En abdiquant la couronne, un prince renonce au droit d’ambassade qui est attaché, non à sa personne, mais à sa souveraineté.

Les corsaires & les pirates[10] n’ont pas le droit d’ambassade. Si les princes de l’Europe reconnoissent les ministres d’Alger, de Tunis & de Tripoli, c’est parce qu’on suppose que les chefs de ces trois pays d’Afrique n’autorisent pas les pirateries ; c’est à cause de l’étendue de leurs possessions ; c’est parce qu’ils ont une république, une cour, un trésor, des citoyens ; c’est enfin à cause de leur liaisons avec l’empire Turc, dont ils sont tributaires.

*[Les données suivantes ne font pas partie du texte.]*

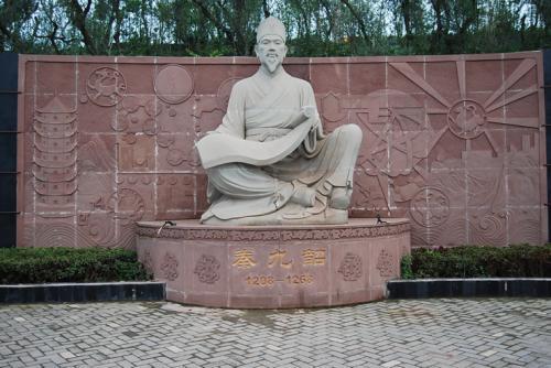 秦九韶(公元1202~1261年)南宋,数学家。他在1247年(淳佑七年)著成『数书九章』十八卷.全书共81道题,分为九大类:大衍类、天时类、田域类、测望类、赋役类、钱谷类、营建类、军旅类、市易类。这是一部划时代的巨着,它总结了前人在开方中所使用的列筹方法,将其整齐而有系统地应用到高次方程的有理或无理根的求解上去,其中对「大衍求一术」﹝一次同余组解法)和「正负开方术」﹝高次方程的数值解法)等有十分深入的研究。其中的”大衍求一术”﹝一次同余组解法),在世界数学史上占有崇高的地位。在古代<孙子算经>中载有”物不知数”这个问题,举例说明:有一数,三三数之余二,五五数之余二,七七数之余二,问此数为何?这一类问题的解法可以推广成解一次同余式组的一般方法.奏九韶给出了理论上的证明,并将它定名为”大衍求一术”。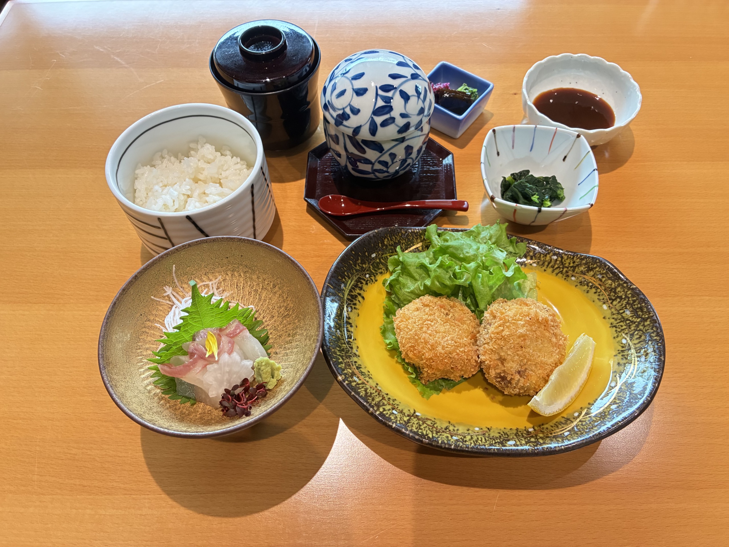 小鉢/造里/和牛コロッケ/茶碗蒸し/御飯/香の物

Les écrivains politiques ont voulu établir des principes sur tout ; ils oublient que les états ne se conduisent guères que par des raisons de convenance & d’intérêt. Quelques auteurs ont examiné si le droit d’ambassade appartenoit aux vicaires généraux des Pays-Bas, aux gouverneurs du Milanez, aux vice-rois de Naples & de Sicile, lorsque ces divers pays dépendoient de la couronne d’Espagne. Les exemples qu’ils rapportent sont opposés les uns aux autres, & ils laissent la question indécise. Des princes ont reçu des ambassadeurs qui leur étoient envoyés par ces gouverneurs, d’autres ont refusé de les reconnoître. Il ne s’agit pas ici du fait, mais du droit.

En pareils cas, il faut toujours examiner quelle est l’étendue de la commission du gouverneur. Ainsi lorsque Louis XII, roi de France, envoya le cardinal d’Amboise dans le Milanez ; il lui accorda des lettres patentes qui l’établissoient son lieutenant général & le représentant de sa personne. Les mêmes lettres lui donnoient le pouvoir de traiter avec les princes, de leur envoyer des ambassades & d’en recevoir, de faire généralement tout ce que le roi pourroit faire en personne. Si les gouverneurs envoyés par l’Espagne dans les Pays-Bas, étoient munis des mêmes lettres, ils avoient sûrement le droit d’ambassade.

  1. En 1659, Mazarin qui négocioit la paix des Pyrénées, refusa de le voir. Voyez dans les lettres de Mazarin, celle qu’il écrivit à le Tellier, le 28 d’octobre 1659.
  2. Depuis 1651
  3. En 1655, il eut ordre de sortir de France
  4. Jacques II.
  5. Guillaume III.
  6. Par l’article III du traité de Riswick.
  7. Clément XI.
  8. En 1701.
  9. En 1709.
  10. Voyez l’article Corsaires & l’article Pirates, où l’on explique la différence qu’il y a entre les corsaires & les pirates.